Glyceollins are a family of prenylated pterocarpans found in ineffective types of nodule in soybean in response to symbiotic infection.  

It possesses two chiral centers and can be asymmetrically synthesized chemically at a gram level scale. 

Molecules found in the family are :
 Glyceollin I
 Glyceollin II
 Glyceollin III
 Glyceollin IV

Effects
They are phytoalexins with an antiestrogenic activity. Lygin et al. 2013 finds antifungal activity against Phytophthora sojae and Macrophomina phaseolina, and Kim et al. 2010 against Aspergillus sojae. Kaplan et al. 1980 finds nematicidal activity against Meloidogyne incognita. Parniske et al. 1991 finds an antibacterial effect. Glyceollin is a vital part of soybean immunity.

Metabolism
Lygin et al. 2013 find that daidzein is a precursor. Glyceollin is a product of the phenylpropanoid pathway.
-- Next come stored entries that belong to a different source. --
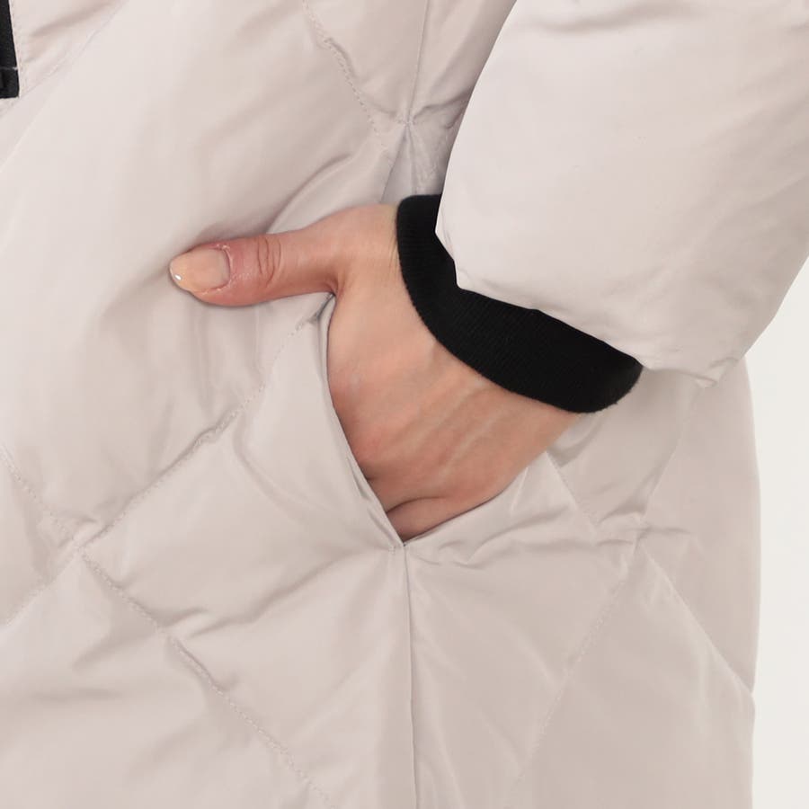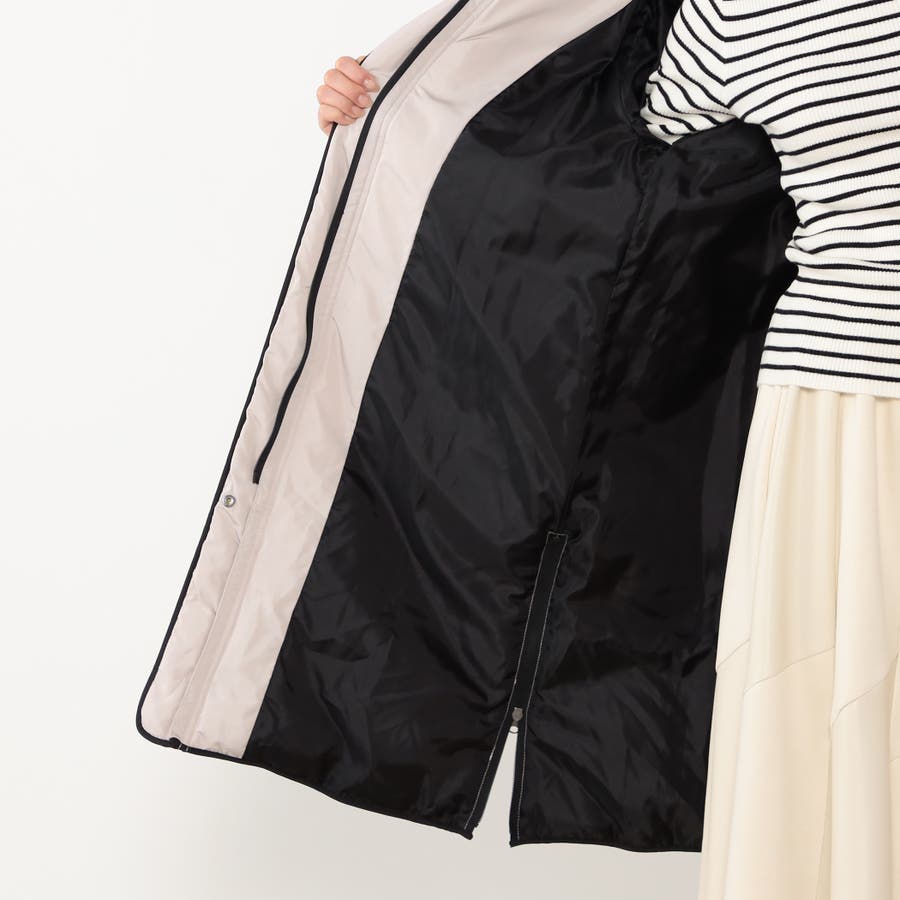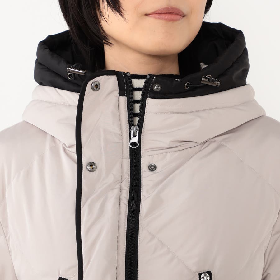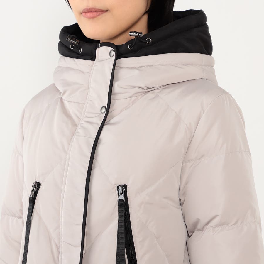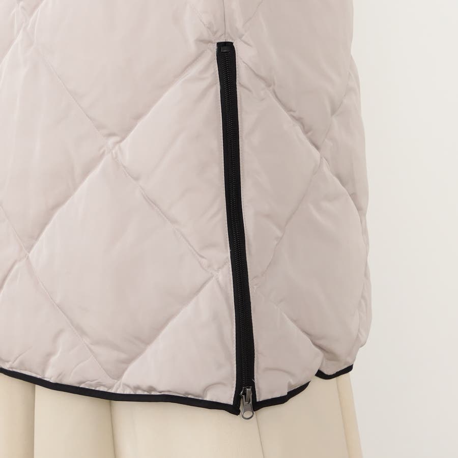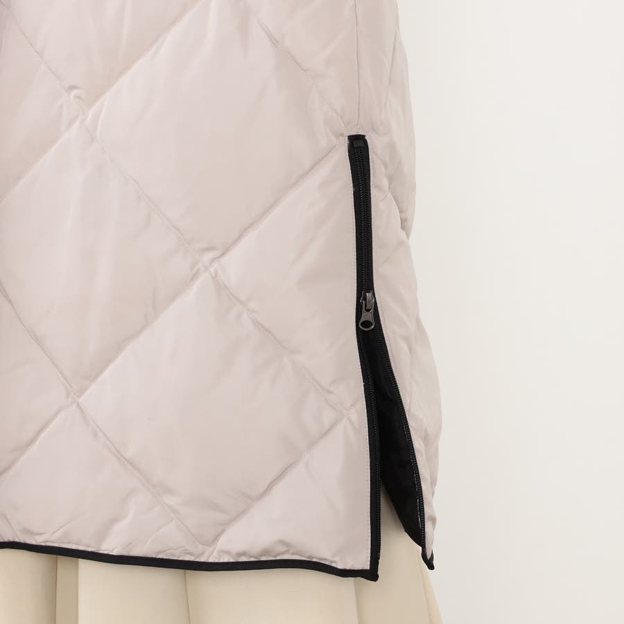 ◆デザインは前後の身ごろにダイヤ柄ステッチ、前立てスタンドネックフード付き袖口はリブ仕様、裾脇のファスナーによりスリットの長さ調整が可能です。ベージュは前立ての配色仕様もポイントです。
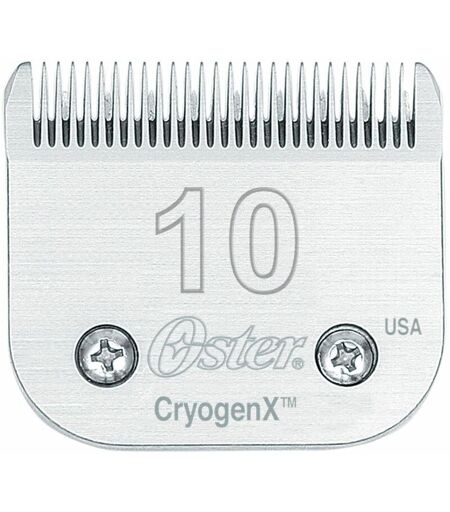 Tête de coupe N°10 CryogenX Oster. Cette tête de coupe est compatible avec tous les modèles de tondeuses utilisant le clip system (Oster, Moser, Wahl, Andis, Heiniger etc). Hauteur de coupe : 1,5 mm Tête de coupe N°10 CryogenX Oster Utilisable sur toutes les tondeuses clip system : Oster, Moser, Andis, Heinger, Wahl, Aesculap (uniquement FAV 5), Hauteur de coupe à 1,5 mm Cette hauteur de coupe (1,5 mm) est à privilégier pour les oreilles, l'abdomen, la queue, l'intérieur des cuisses, gorge et cou, Recommandée pour tous types de poils Conçues aux Etats Unis, ces lames en acier inxoydable sont fabriquées à partir d'un acier à haute teneur en carbone selon des normes rigoureuses. Pour l'entretien de vos têtes de coupe nous vous recommandons d'utiliser le B18 et le dépoussiérant régulièrement afin d'éliminer les poils qui pourraient etre coincés entre les dents Nous vous recommandons de faire affûter vos têtes de coupe régulièrement dès que vous sentez que la coupe n'est plus fluide ...
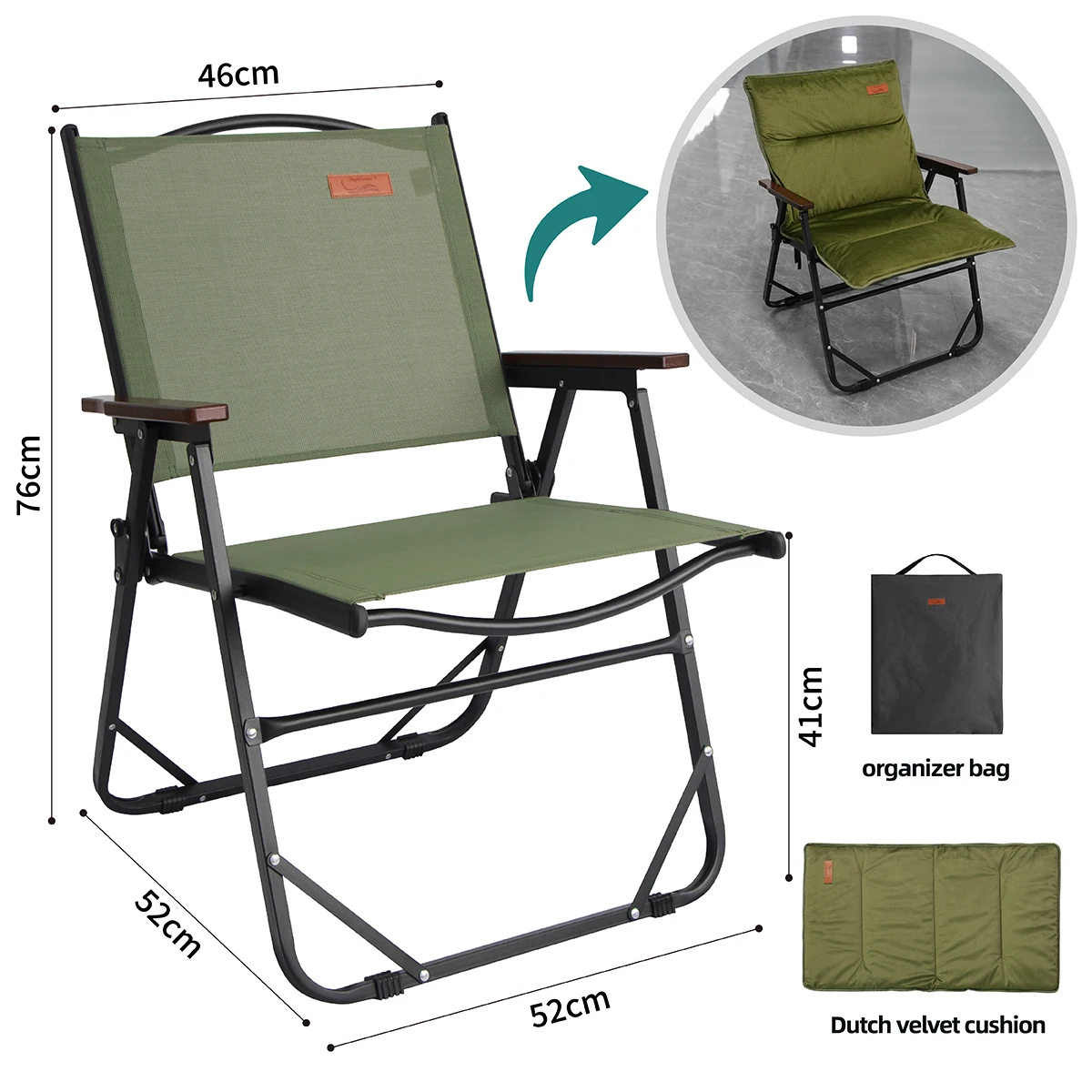 To meet the needs of different users. this camping chair offers two usage methods. You can choose to use the chair alone or with a thickened cushion. It is lightweight and easy to carry. making it suitable for scenarios such as having a picnic in the park or fishing by the river. Just easily unfold the chair and you can quickly get a comfortable seat. allowing you to enjoy the fun of outdoor leisure anytime and anywhere.

Glycinol is the direct precursor of glyceollins through the action of a prenyltransferase. Glyceollin synthase then transforms those prenylated precursors into glyceollins.

Inhibitors
Some pathogens produce inhibitors. Ziegler & Pontzen 1982 find Phytophthora megasperma produces an extracellular invertase, a mannanglycoprotein (a glycoprotein of mannan), which prevents glyceollin accumulation not by its enzymatic action but due to an effect of its carbohydrate moiety.